* Data listing *

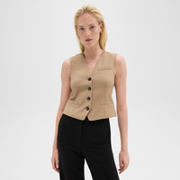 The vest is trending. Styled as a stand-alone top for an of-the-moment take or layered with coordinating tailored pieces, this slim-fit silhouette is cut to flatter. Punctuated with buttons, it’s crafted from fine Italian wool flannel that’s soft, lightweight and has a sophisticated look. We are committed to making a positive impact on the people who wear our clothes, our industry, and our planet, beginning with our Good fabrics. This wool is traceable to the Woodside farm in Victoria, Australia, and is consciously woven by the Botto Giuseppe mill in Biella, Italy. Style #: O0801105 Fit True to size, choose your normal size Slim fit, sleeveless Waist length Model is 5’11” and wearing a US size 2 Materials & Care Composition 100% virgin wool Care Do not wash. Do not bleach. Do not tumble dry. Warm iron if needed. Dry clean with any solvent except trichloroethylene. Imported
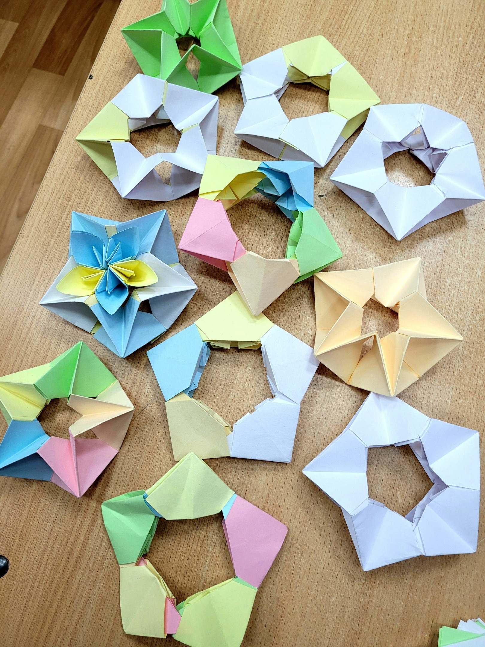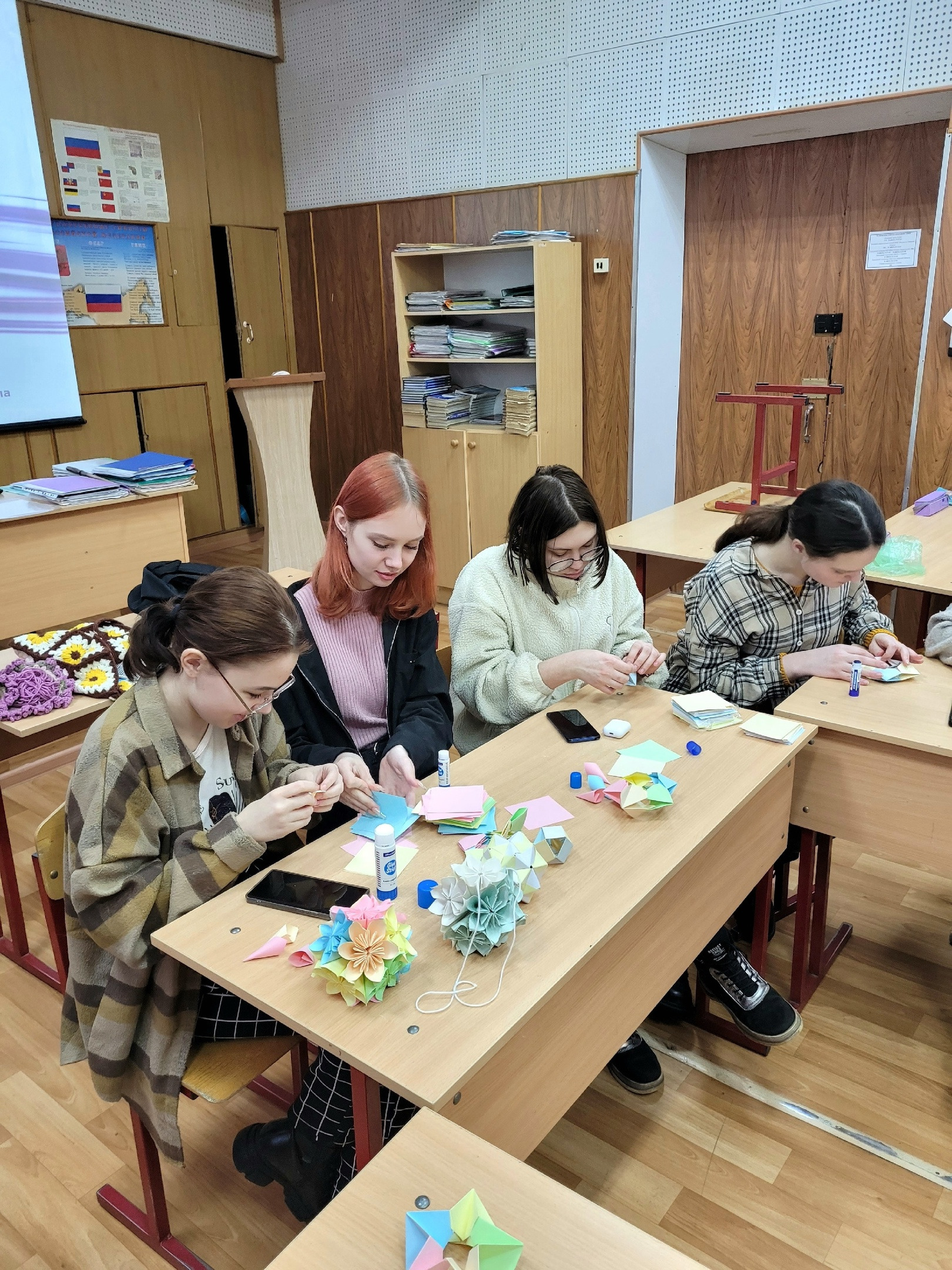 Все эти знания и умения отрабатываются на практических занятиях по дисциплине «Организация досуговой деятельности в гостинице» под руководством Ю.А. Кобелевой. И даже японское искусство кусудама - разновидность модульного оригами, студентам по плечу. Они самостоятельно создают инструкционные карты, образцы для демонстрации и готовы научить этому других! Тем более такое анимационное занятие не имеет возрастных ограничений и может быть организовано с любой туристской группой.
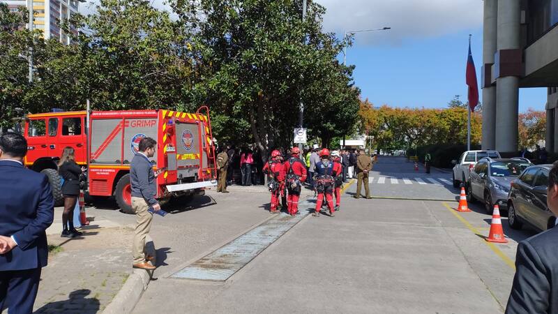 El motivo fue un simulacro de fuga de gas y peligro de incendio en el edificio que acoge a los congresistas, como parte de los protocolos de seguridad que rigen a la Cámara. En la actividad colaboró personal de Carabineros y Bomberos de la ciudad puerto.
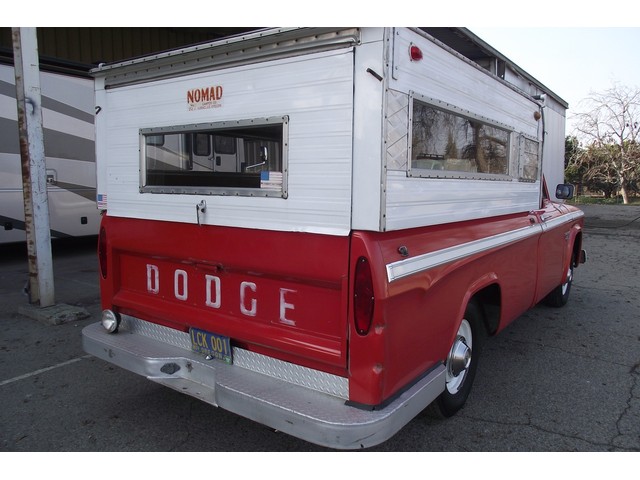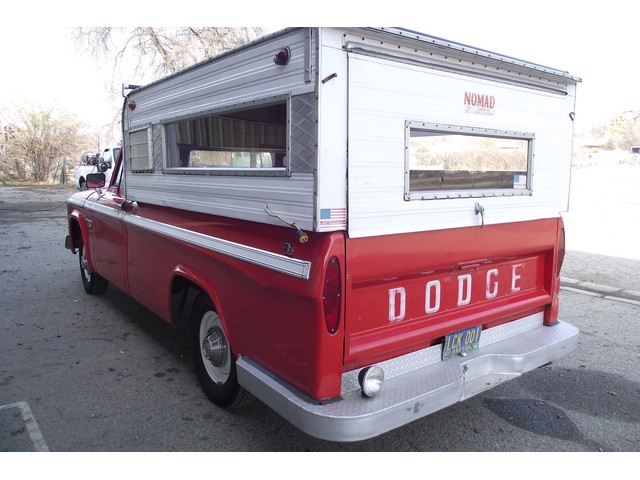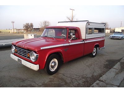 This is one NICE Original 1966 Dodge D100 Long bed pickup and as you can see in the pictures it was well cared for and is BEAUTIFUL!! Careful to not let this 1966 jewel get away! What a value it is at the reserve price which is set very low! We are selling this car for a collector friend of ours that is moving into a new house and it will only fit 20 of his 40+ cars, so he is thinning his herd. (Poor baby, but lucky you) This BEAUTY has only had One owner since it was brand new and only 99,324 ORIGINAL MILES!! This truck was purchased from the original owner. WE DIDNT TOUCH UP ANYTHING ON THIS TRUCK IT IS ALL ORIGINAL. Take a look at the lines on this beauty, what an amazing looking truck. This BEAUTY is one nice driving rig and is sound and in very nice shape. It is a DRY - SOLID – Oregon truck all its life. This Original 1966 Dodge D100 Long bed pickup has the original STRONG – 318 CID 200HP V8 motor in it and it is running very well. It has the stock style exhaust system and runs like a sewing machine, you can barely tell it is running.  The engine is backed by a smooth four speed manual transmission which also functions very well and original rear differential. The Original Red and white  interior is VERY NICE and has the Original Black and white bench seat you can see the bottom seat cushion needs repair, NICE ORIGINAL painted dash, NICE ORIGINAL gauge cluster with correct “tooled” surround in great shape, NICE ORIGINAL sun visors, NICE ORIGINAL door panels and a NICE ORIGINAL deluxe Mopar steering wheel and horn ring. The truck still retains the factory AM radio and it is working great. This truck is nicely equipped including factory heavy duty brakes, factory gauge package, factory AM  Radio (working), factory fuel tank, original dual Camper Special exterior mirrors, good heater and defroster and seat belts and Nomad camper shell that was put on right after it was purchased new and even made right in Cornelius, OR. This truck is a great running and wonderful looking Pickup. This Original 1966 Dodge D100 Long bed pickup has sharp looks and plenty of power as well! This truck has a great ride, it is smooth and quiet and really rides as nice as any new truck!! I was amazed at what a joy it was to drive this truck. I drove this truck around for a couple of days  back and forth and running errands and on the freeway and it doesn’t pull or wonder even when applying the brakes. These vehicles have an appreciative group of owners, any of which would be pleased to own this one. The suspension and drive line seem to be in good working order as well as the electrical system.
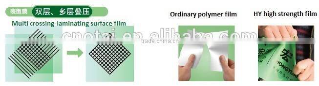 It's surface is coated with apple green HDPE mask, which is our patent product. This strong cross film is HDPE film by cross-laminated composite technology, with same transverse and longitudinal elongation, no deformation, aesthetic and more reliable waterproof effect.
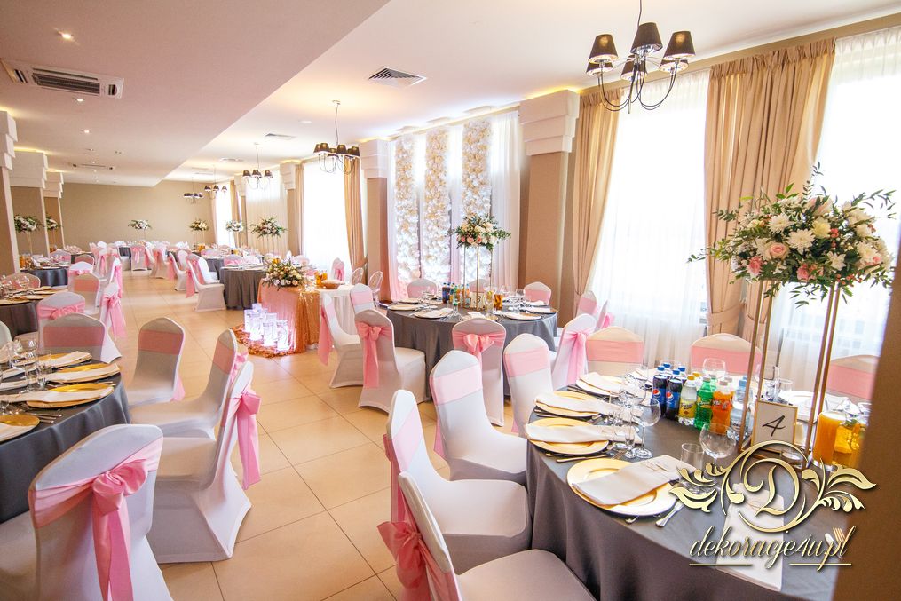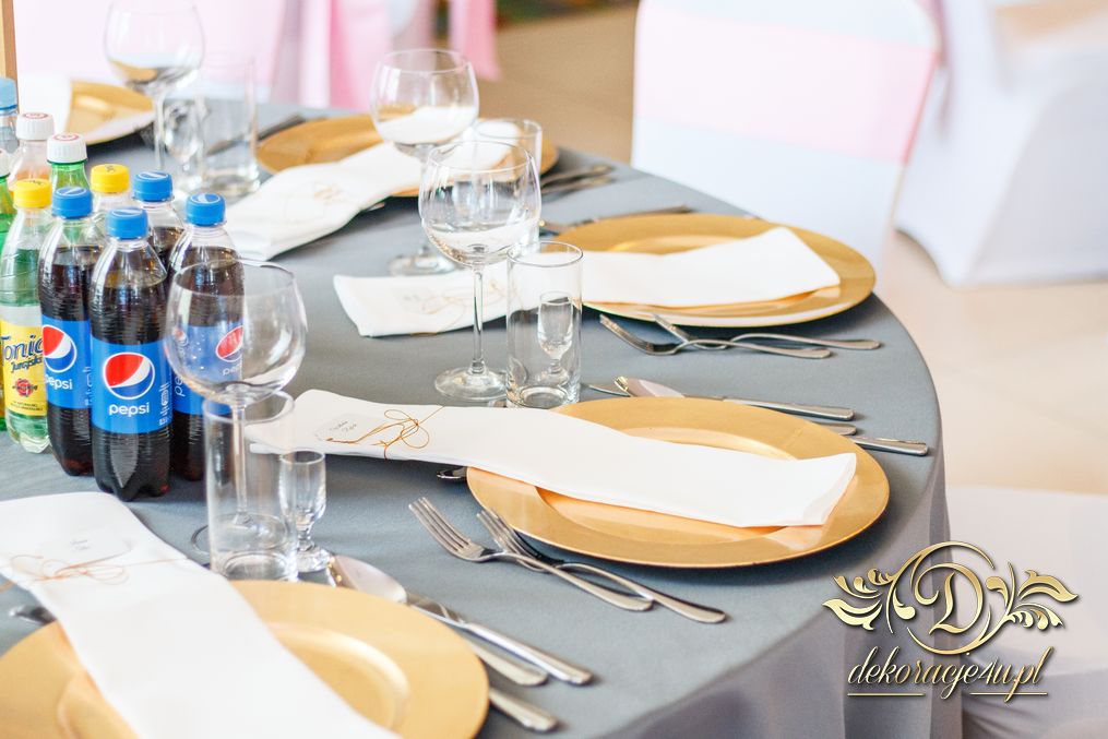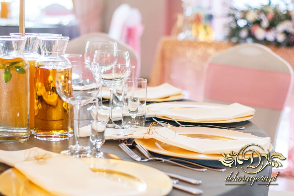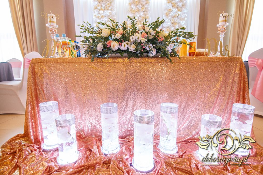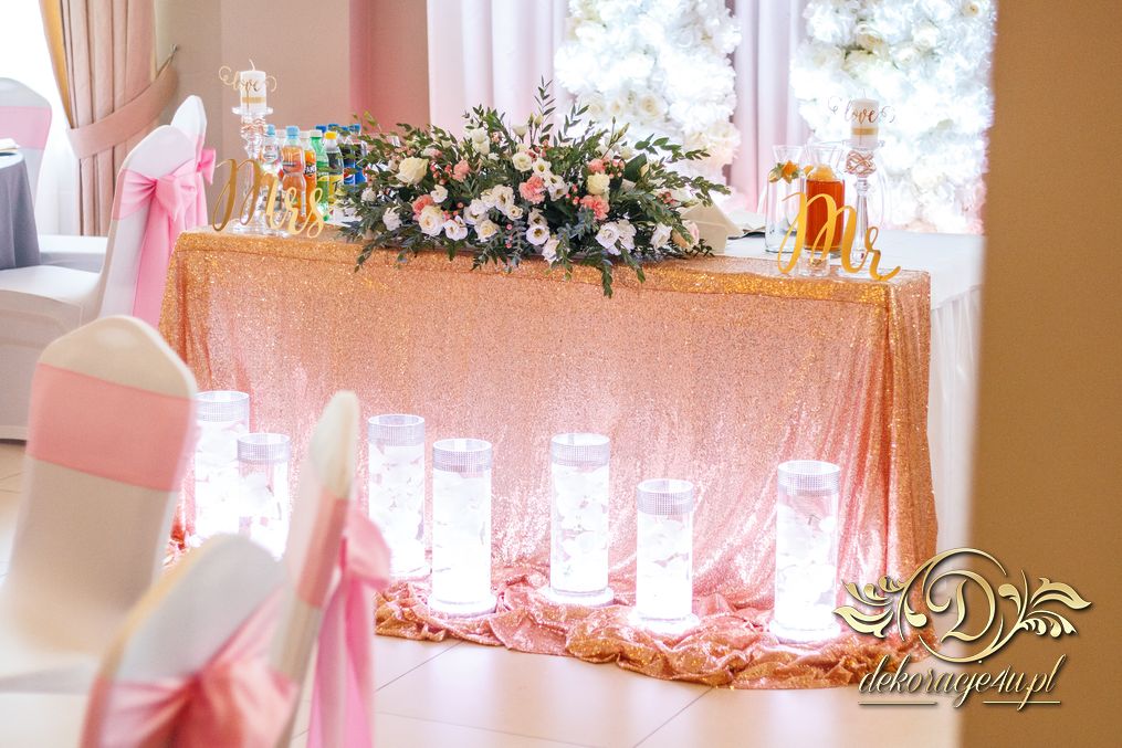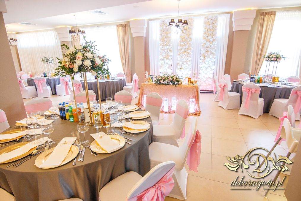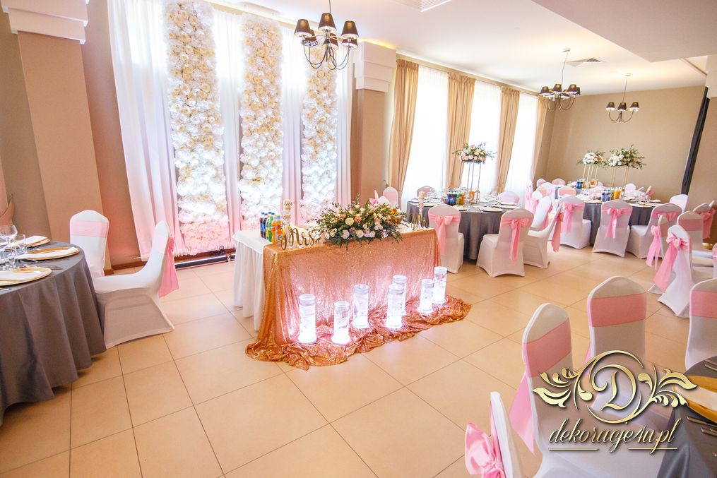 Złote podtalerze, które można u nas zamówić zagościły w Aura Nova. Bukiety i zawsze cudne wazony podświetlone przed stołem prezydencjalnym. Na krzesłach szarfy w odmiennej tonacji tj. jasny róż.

* What is required *
Give back the full listing exactly, with pictures dropped.

* Result of this task *
 The vest is trending. Styled as a stand-alone top for an of-the-moment take or layered with coordinating tailored pieces, this slim-fit silhouette is cut to flatter. Punctuated with buttons, it’s crafted from fine Italian wool flannel that’s soft, lightweight and has a sophisticated look. We are committed to making a positive impact on the people who wear our clothes, our industry, and our planet, beginning with our Good fabrics. This wool is traceable to the Woodside farm in Victoria, Australia, and is consciously woven by the Botto Giuseppe mill in Biella, Italy. Style #: O0801105 Fit True to size, choose your normal size Slim fit, sleeveless Waist length Model is 5’11” and wearing a US size 2 Materials & Care Composition 100% virgin wool Care Do not wash. Do not bleach. Do not tumble dry. Warm iron if needed. Dry clean with any solvent except trichloroethylene. Imported
 Все эти знания и умения отрабатываются на практических занятиях по дисциплине «Организация досуговой деятельности в гостинице» под руководством Ю.А. Кобелевой. И даже японское искусство кусудама - разновидность модульного оригами, студентам по плечу. Они самостоятельно создают инструкционные карты, образцы для демонстрации и готовы научить этому других! Тем более такое анимационное занятие не имеет возрастных ограничений и может быть организовано с любой туристской группой.
 El motivo fue un simulacro de fuga de gas y peligro de incendio en el edificio que acoge a los congresistas, como parte de los protocolos de seguridad que rigen a la Cámara. En la actividad colaboró personal de Carabineros y Bomberos de la ciudad puerto.
 This is one NICE Original 1966 Dodge D100 Long bed pickup and as you can see in the pictures it was well cared for and is BEAUTIFUL!! Careful to not let this 1966 jewel get away! What a value it is at the reserve price which is set very low! We are selling this car for a collector friend of ours that is moving into a new house and it will only fit 20 of his 40+ cars, so he is thinning his herd. (Poor baby, but lucky you) This BEAUTY has only had One owner since it was brand new and only 99,324 ORIGINAL MILES!! This truck was purchased from the original owner. WE DIDNT TOUCH UP ANYTHING ON THIS TRUCK IT IS ALL ORIGINAL. Take a look at the lines on this beauty, what an amazing looking truck. This BEAUTY is one nice driving rig and is sound and in very nice shape. It is a DRY - SOLID – Oregon truck all its life. This Original 1966 Dodge D100 Long bed pickup has the original STRONG – 318 CID 200HP V8 motor in it and it is running very well. It has the stock style exhaust system and runs like a sewing machine, you can barely tell it is running.  The engine is backed by a smooth four speed manual transmission which also functions very well and original rear differential. The Original Red and white  interior is VERY NICE and has the Original Black and white bench seat you can see the bottom seat cushion needs repair, NICE ORIGINAL painted dash, NICE ORIGINAL gauge cluster with correct “tooled” surround in great shape, NICE ORIGINAL sun visors, NICE ORIGINAL door panels and a NICE ORIGINAL deluxe Mopar steering wheel and horn ring. The truck still retains the factory AM radio and it is working great. This truck is nicely equipped including factory heavy duty brakes, factory gauge package, factory AM  Radio (working), factory fuel tank, original dual Camper Special exterior mirrors, good heater and defroster and seat belts and Nomad camper shell that was put on right after it was purchased new and even made right in Cornelius, OR. This truck is a great running and wonderful looking Pickup. This Original 1966 Dodge D100 Long bed pickup has sharp looks and plenty of power as well! This truck has a great ride, it is smooth and quiet and really rides as nice as any new truck!! I was amazed at what a joy it was to drive this truck. I drove this truck around for a couple of days  back and forth and running errands and on the freeway and it doesn’t pull or wonder even when applying the brakes. These vehicles have an appreciative group of owners, any of which would be pleased to own this one. The suspension and drive line seem to be in good working order as well as the electrical system.
 It's surface is coated with apple green HDPE mask, which is our patent product. This strong cross film is HDPE film by cross-laminated composite technology, with same transverse and longitudinal elongation, no deformation, aesthetic and more reliable waterproof effect.
 Złote podtalerze, które można u nas zamówić zagościły w Aura Nova. Bukiety i zawsze cudne wazony podświetlone przed stołem prezydencjalnym. Na krzesłach szarfy w odmiennej tonacji tj. jasny róż.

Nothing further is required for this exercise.